Team-Dimension Catalog: Source of Truth¶
Status: Authoritative (CHAOS-1751)
Contract¶
The semantic teams ClickHouse table is the source of truth for the
TEAM dimension in the GraphQL catalog query. Activity counts are
looked up from an event table via LEFT JOIN, so a team with no recorded
activity in the window still appears in the picker with count = 0.
This contract applies to the GraphQL catalog(orgId, dimension: TEAM)
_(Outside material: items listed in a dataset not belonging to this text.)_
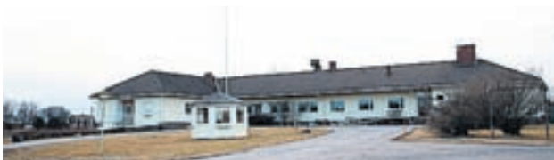
Pakolaistoimiston tilat Öjvägenin varrella Oravaisissa.

Tabernassa, 7 Stellassa ja 12 Stödiksessä. • Vöyrin kunta tarjoaa lisäksi 15 jälkihuoltopaikkaa 18–21-vuotiaille pakolais- nuorille.
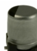
ECE-V0JA101SP Panasonic Electronic Components CAP ALUM 100UF 20% 6.3V SMD
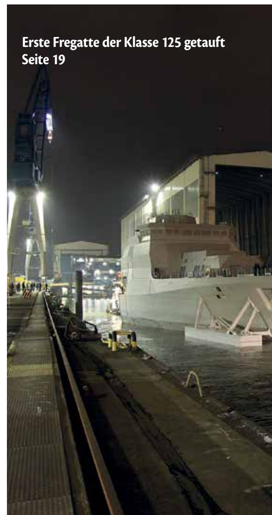
Erste Fregatte der Klasse 125 getauft Seite 19
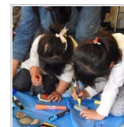
開催場所のジレンマ 1週間前
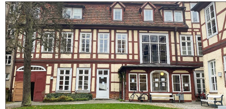
Auf dem Hof des Konservatoriums werden am 19. Dezember deutsche und internationale Weihnachtslieder sowie ein kleiner Basar die Konzertbesucher erfreuen

Gemeinsam mit dem Konservatorium Schwerin werden die Stadtwerke ein musikalisch abwechslungsreiches Programm im weihnachtlich leuchtenden Innenhof des Konservatoriums präsentieren. Bei dem Open-Air-Konzert wird es für alle Gäste im Hof aufgestellte Sitzplätze geben, und es werden warme Decken zur Verfügung gestellt. Auch für Glühwein und Kaffee gegen eine Spende wird gesorgt sein, sodass jeder Gast mit dem einen oder anderen wärmenden Getränk in der Hand dieses Musikerlebnis unterm offenen Weihnachtshimmel genießen kann. Der Einlass ist ab 14.30 Uhr. Zu beachten ist, dass hier die 2G-Regel gilt. Besucher sollten daher bitte zu ihrem Ticket ebenfalls ihren Nachweis der Impfung oder Genesung bereit-
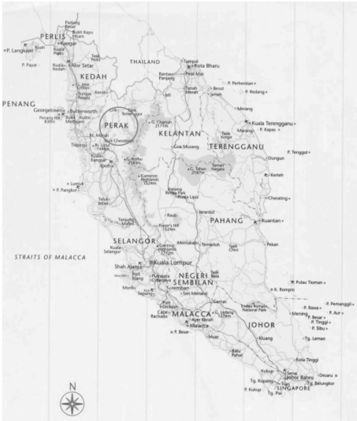
馬來西亞地圖及霹靂州的位置
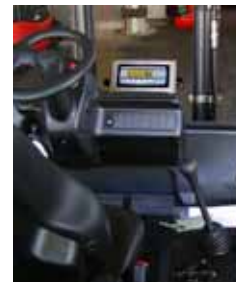
KPZ 39 Váha pro hydraulické vysokozdvizné zařízení

Potřebujete jinou váhu, zvláštní produkty jsou naše specialita !
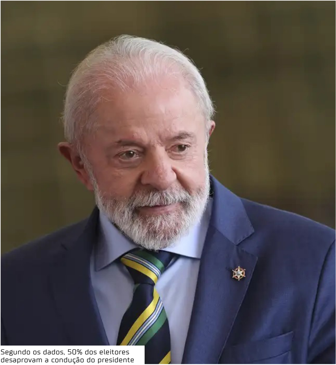
Segundo os dados, 50% dos eleitores desaprovam a condução do presidente

A situação é diferente do início de 2025, quando o governo federal buscava aplacar uma sequência de crises na imagem pública – sendo as principais a divulgação de notícias falsas em torno do Pix. O momento serviu de prato cheio para a oposição, que dominou a narrativa nos temas econômicos.
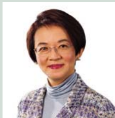
儲備管理部助理總裁 葉約德, BBS, JP

李令翔先生負責銀行業改革與拓展，以及發牌與電子銀行等特別環節的監管事務。李先生於1982年加入香港政府為政務主任，並於1990年出任首席助理金融司。李先生於1993年獲委任為金管局銀行業拓展處處長，並於1995年出任行政處處長。1996年，李先生獲擢升為銀行政策部助理總裁，並於2000年9月出任機構拓展及營運部助理總裁。李先生於2001年6月獲委任現職。
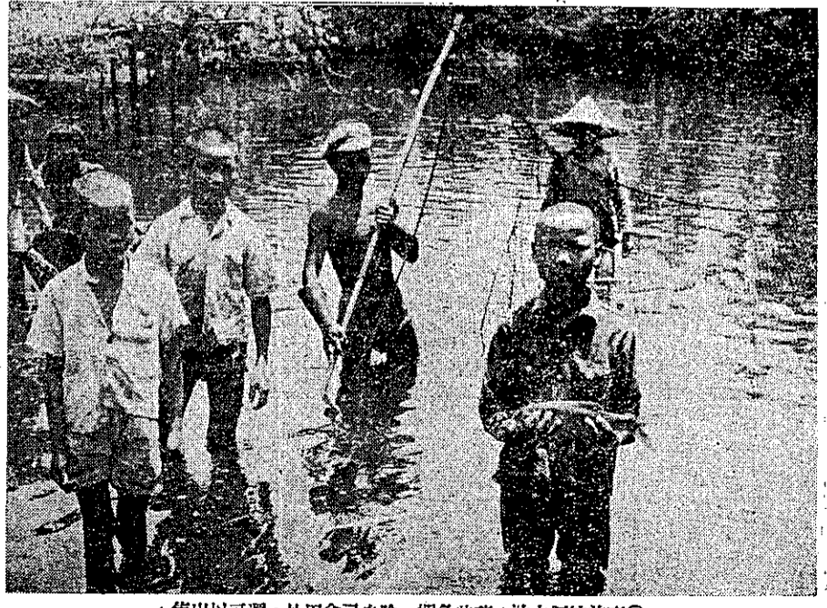
⑤售出以可還，外用食己自餘，蝦魚些養，池水個挖前庭
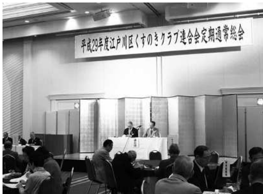
定期通常総会の様子
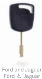
Ford and Jaguar Ford と Jaguar
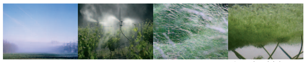
Le complexe végétal vapeurux
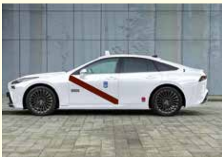
Autonomía de 650 km

El Mirai es un coche de cuatro puertas y cinco plazas que cuenta con la clasificación de CERO emisiones de la Dirección General de Tráfico. Se estima que este vehículo de pila de combustible puede alcanzar una autonomía de 650 kilómetros y la potencia de su motor puede llegar a los 182 CV, consiguiendo una aceleración de 0 a 100 Km/h en 9 segundos.
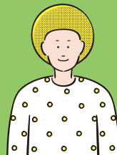
アユースグループ
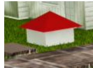
Gambar 3. Fitur Kotak Penjualan

Karakter dapat memasukkan hasil dari perkebunan, ke dalam kotak penjualan yang terletak pada area perkebunan. Karakter tidak dapat mengeluarkan barang dari kotak penjualan. Tidak ada batas jumlah barang yang dapat dimasukkan di kotak penjualan. Setiap pagi pukul 06.00, penjaga penginapan Ravareth akan mengambil barang yang dijual dan memberikan uang setara dengan harga jual barang tersebut secara otomatis. Fitur kotak penjualan dapat dilihat pada Gambar 3.
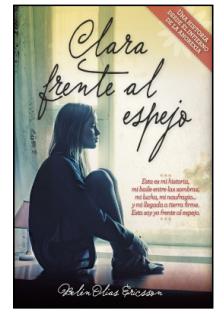
Clara frente al espejo

Belén Olías Ericsson 14.5x22 cm 96 p. PVP 11.95
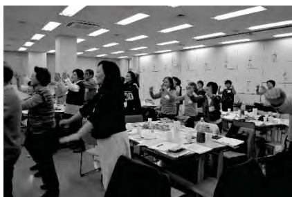
ボランティア交流会の様子
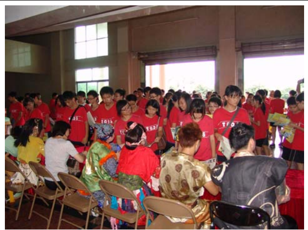
東莞台商子弟學校同學爭相參加簽名會
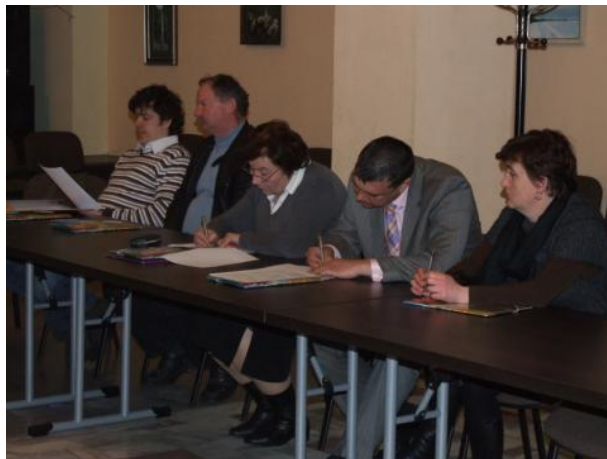
Fot. Spotkanie aktywizacyjne w GCKiS w Jabłonie, 01.02.2011r. (na fot. członkowie Komitetu LGR reprezentujący sektor rybacki)

field. Other dimensions (REPO, AUTHOR, WORK_TYPE, THEME,
SUBCATEGORY) continue to derive distinct values from the event table
directly, because their identifiers are not first-class semantic
entities the same way teams are.
Why¶
investment_metrics_daily.team_id and other _metrics_daily.team_id
columns are event-time analytics columns. Their values are populated by
sinks during metric computation and may reflect:
- Resolved team identifiers (
teams.id) when the resolver matched. - The sentinel
"unassigned"when no team could be resolved. - Synthetic literals from fixture generators (e.g. the historical
"alpha"fallback infixtures/generators/investments.py).
Using these columns as the source of truth for the picker conflates the event-time namespace with the semantic roster:
- Active teams with no activity in the window disappear from the picker.
- Synthetic / sentinel values leak into the UX.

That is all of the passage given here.